Artificial intelligence has begun finding its way into many aspects of public safety operations, including the drafting of fire and EMS reports. Departments are experimenting with software that can summarize run sheets, correct spelling and grammar, and even generate narrative text based on prompts. As the technology becomes more accessible, questions are emerging about how AI fits within the legal and evidentiary role of incident documentation.
At the heart of the issue is a basic function of any fire or EMS report: to capture the contemporaneous observations of responders and document the actions they personally took at a point in time when the details are fresh in their mind. Reports serve as the written record of what a firefighter, EMT or paramedic saw, heard and did at the time of the incident.
Our legal system has rules that treat firsthand reports written by factual observers favorably in light of their inherent reliability. These rules include the business records exception to the hearsay rule, the past recollection recorded rule and the use of records to refresh a witness’ recollection.
AI-oriented questions
The business records exception allows properly created fire and EMS reports to be admitted into evidence, because they are made at or near the time of the event by someone who has firsthand knowledge as part of the agency’s regular operations.
The past recollection recorded rule allows a report to be read into evidence when the responder no longer remembers key incident details, provided that the report was accurate when it was made.
When a testifying responder does remember the event but needs help recalling specifics, a report can be used to refresh a witness’s recollection, allowing the responder to review their own contemporaneous writing before testifying.
When the text of a report is not written by the individual who made the observations or took the actions, the reliability of the documentation is inevitably called into question.

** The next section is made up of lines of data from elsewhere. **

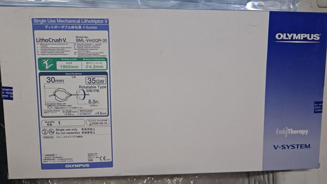El Litotriptor Mecánico de un Solo Uso V‑System Olympus BML‑V442QR‑30 es un dispositivo médico utilizado en procedimientos endoscópicos para triturar mecánicamente cálculos (cálculos), especialmente en el tracto biliar, durante cirugías mínimamente invasivas. Está diseñado para ser utilizado una sola vez y luego desecharse, en lugar de reutilizarse.
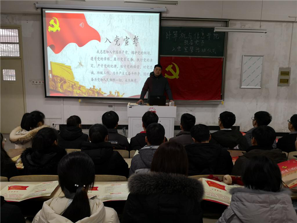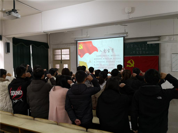 仪式在庄严的国际歌声中拉开帷幕,江伟宣读了best365官方网站登录入口党委关于批准发展预备党员的文件,并代表学院党委对本次新发展的党员表示热烈祝贺,并为新党员代表发放政治生日提醒卡。他指出党员有两个重要的生日:第一是自然生日;第二是政治生日,即入党日。他对全体新党员提出了四点要求:一是要注重党性修养,增强党员意识;二是要充分发挥党员先锋模范作用,争做群众表率;三是要加强学习,特别是党建知识学习,在学习中提升自己的境界;四是在享有党员权利的同时要切实履行党员各项义务。
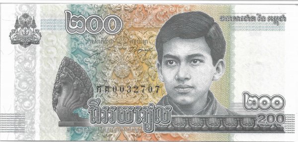 Cambodia- 200 riels sample PMG graded unc currency note
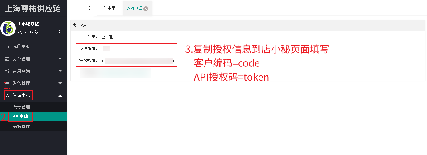 注意:登录物流商系统后台http://shzy.t6soft.com/点“客户登录”,输入物流商给的账号和密码,【管理中心-API申请】授权信息复制粘贴到小秘页面填写
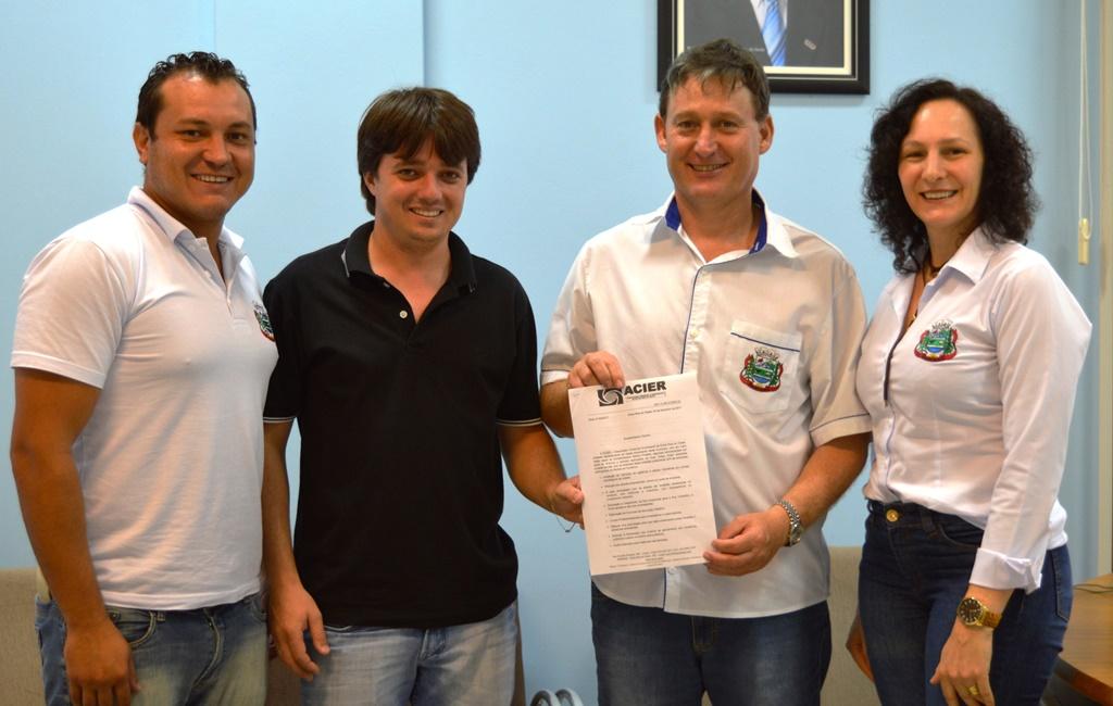 Na manhã de ontem (02), o prefeito Jones Neuri Heiden, juntamente com o secretário de Indústria, Comércio, Turismo e Desenvolvimento Econômico, Adilson de Oliveira (Fofo), reunira-se com o Presidente da Acier, Alexandre Stein, juntamente com a Coordenadora do Núcleo do Comércio, Iris Seganfredo para realizar a entrega de ofício com algumas reivindicações e propostas a serem desenvolvidas em parceria com a Administração Municipal.

A report written by someone other than the firsthand observer/responder—whether another crew member, an administrative assistant or an AI program—risks disconnecting the narrative from the perceptions and memory of the person who actually witnessed the event. If AI generates portions of that narrative, questions will inevitably be raised about whether the report accurately reflects the responder’s own recollection or reflects a reconstruction of the events produced by an algorithm. This can become problematic when the report becomes evidence in a criminal proceeding, civil litigation, disciplinary action or administrative review.
AI-oriented benefits
AI tools can play a productive role when used as an adjunct to traditional report writing. Many responders struggle with spelling, grammar, sentence structure or efficiently organizing information. AI can assist by ensuring that key factual elements are not omitted, that narratives flow logically and that reports meet an agency’s formatting expectations. Some systems can even prompt the user for missing information—such as the patient’s level of consciousness, timeline of events or actions taken—helping to ensure that the final report is complete and factual.

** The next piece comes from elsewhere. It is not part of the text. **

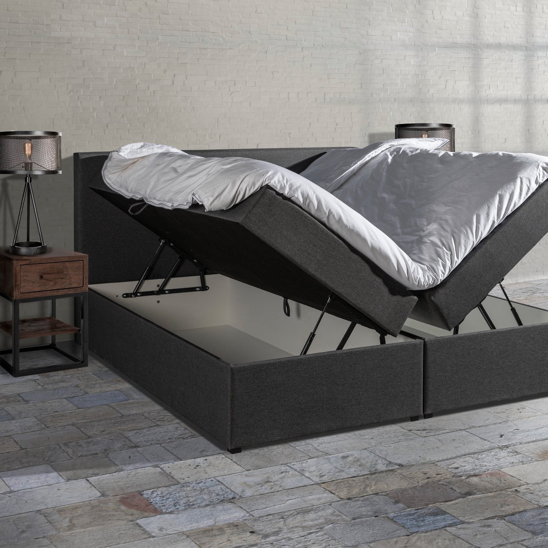 Unieke veertechniek De losse boxen en de opbergruimte deze boxspring wordt geleverd met 2 vlakke comfort boxen van ca. 30 cm hoog. En wat deze boxen zo bijzonder maakt, is de royale opbergruimte onder de matrassen. Normaal is dit een loze ruimte, maar deze boxspring is multifunctioneel! Het openen van de opbergruimte gaat erg makkelijk; door aan de stevige lus te trekken gaan de pocketveer matrassen zijwaarts omhoog, alsof hij zijn vleugels uitslaat. Door een unieke veertechniek blijft de boxspring goed openstaan. Het mechanisme is goed bestendig tegen intensief gebruik en zo heb jij letterlijk in een handomdraai een royale opbergruimte waar je van alles in kwijt kunt. Denk bijvoorbeeld aan je beddengoed, kleding en schoenen.

AI can also enhance readability. Clear, well-organized reports reduce misunderstandings and make it easier for investigators, attorneys and medical directors to follow the sequence of events. Spelling and grammar corrections further prevent confusion, without altering the underlying facts.

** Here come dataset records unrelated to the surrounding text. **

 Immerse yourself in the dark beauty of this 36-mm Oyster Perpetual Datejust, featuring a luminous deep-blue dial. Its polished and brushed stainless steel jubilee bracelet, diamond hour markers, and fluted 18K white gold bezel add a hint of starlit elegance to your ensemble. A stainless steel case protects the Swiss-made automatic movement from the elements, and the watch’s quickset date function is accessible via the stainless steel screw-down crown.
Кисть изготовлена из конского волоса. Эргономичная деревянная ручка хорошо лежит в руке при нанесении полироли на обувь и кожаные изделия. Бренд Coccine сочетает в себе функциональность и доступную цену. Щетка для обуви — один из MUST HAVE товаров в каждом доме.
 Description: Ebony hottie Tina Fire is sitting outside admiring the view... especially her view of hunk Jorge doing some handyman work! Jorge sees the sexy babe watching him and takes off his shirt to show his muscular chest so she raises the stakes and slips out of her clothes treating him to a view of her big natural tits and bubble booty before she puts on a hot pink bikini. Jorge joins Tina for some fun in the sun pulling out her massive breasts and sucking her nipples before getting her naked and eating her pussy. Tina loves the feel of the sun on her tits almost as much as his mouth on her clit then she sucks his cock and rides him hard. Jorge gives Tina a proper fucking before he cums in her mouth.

However, these benefits depend on the responder maintaining control over the content. The facts must originate from the individual who was on scene. The responder must verify that the final narrative accurately reflects their own observations. AI should serve as a tool—much like spellcheck or a documentation checklist—rather than a substitute author.
Firsthand knowledge
As AI becomes more integrated into fire and EMS documentation software, fire departments may encounter new questions about authorship, accuracy, authentication and the evidentiary trustworthiness of incident reports. However, the central principle remains unchanged: A report must reflect the firsthand knowledge of the responder who signs it. Within that boundary, AI-assisted tools can help strengthen clarity, completeness and consistency, while preserving the integrity of the responder’s account.